Don Pablo’s Chicken Fajita Salad
A crisp tortilla bowl filled with romaine and iceberg lettuce then topped with marinated and mesquite-grilled chicken breast meat, Pico de Gallo, Monterey jack and aged sharp Cheddar cheeses, sour cream, fresh cilantro and lime. Serve with dressing, chips and salsa.

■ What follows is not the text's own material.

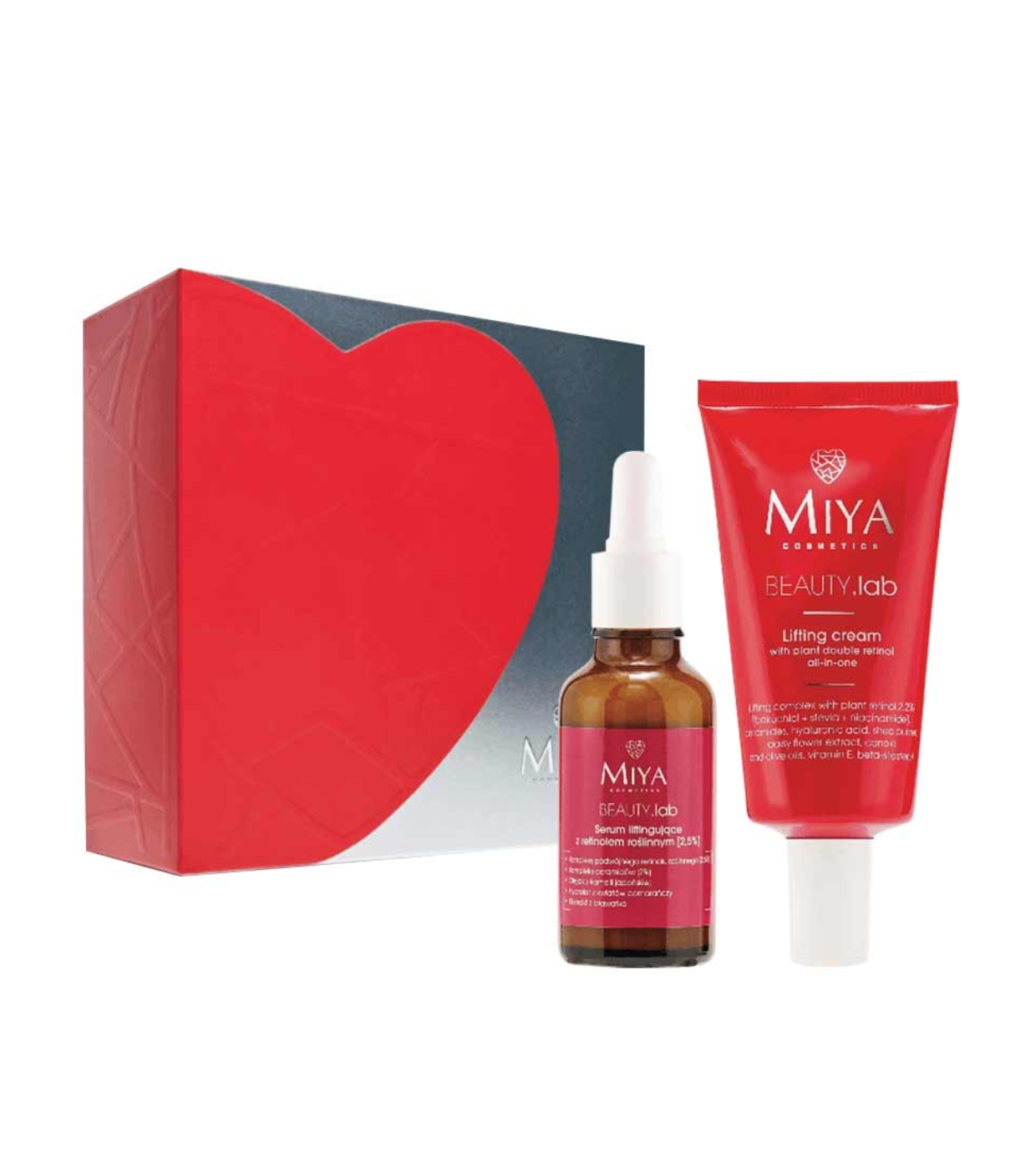 Discover the BEAUTY.lab Lift me Up anti-aging facial care set from Miya Cosmetics , a natural alternative to retinol designed to firm, hydrate and reduce wrinkles without causing irritation.
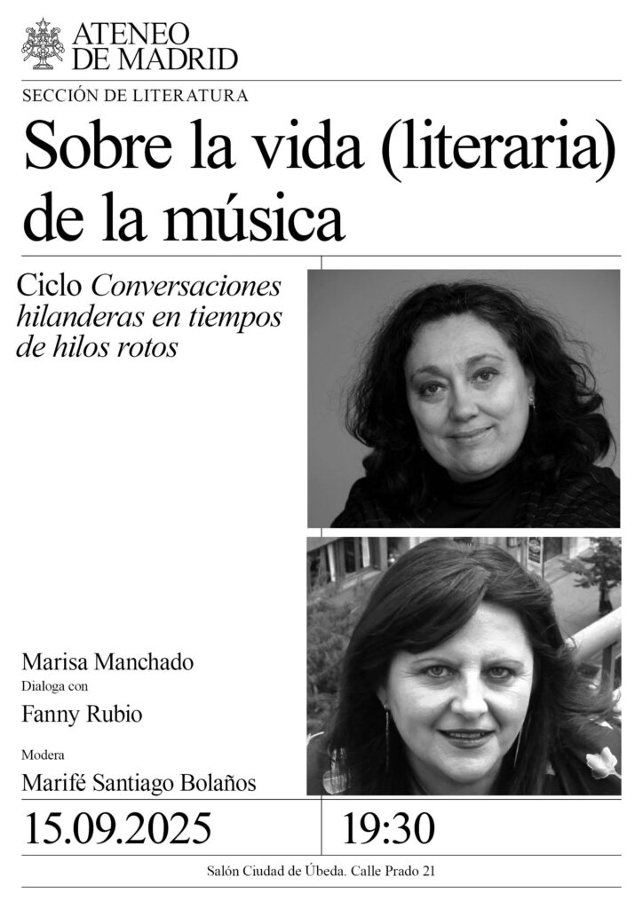 Sección de Literatura. Marisa Manchado, compositora, Premio Nacional de Composición 2024, intérprete, pedagoga dialoga con Fanny Rubio, escritora, poeta, catedrática emérita de la UCM. Modera: Marifé Santiago Bolaños. Salón Ciudad de Úbeda. 19:30h.

1 (10-inch) flour tortilla bowl
6 ounces chopped Romaine and iceberg lettuce
1 1/2 ounces Pico de Gallo
3 ounces chicken breast
2 ounces combo cheese
1 ounces sour cream
2 cilantro sprigs
1 lime wedge
2 ounces salad dressing
Place Romaine and iceberg lettuce in 10" Tortilla Salad Shell. Distribute Pico de Gallo along the left side of the tortilla shell on top of the lettuce mixture. Distribute combo cheese along the right side of the tortilla shell on top of the lettuce.
Place 1 teaspoon sour cream on top center portion of lettuce at the 12 o’clock position. Place cilantro springs on right side of sour cream slightly overlapping sour cream. Place lime wedge on left side of sour cream.
Place fajita meat on cutting board. Slice the fajita meat against the grain into 1/4-inch wide strips. Slice the 1/4-inch wide strips into approximately 1 1/2 to 2-inch long strips.
Distribute the sliced chicken meat down the center of the salad in between the Pico de Gallo and combo cheese beginning just below the sour cream and ending at the bottom of the salad.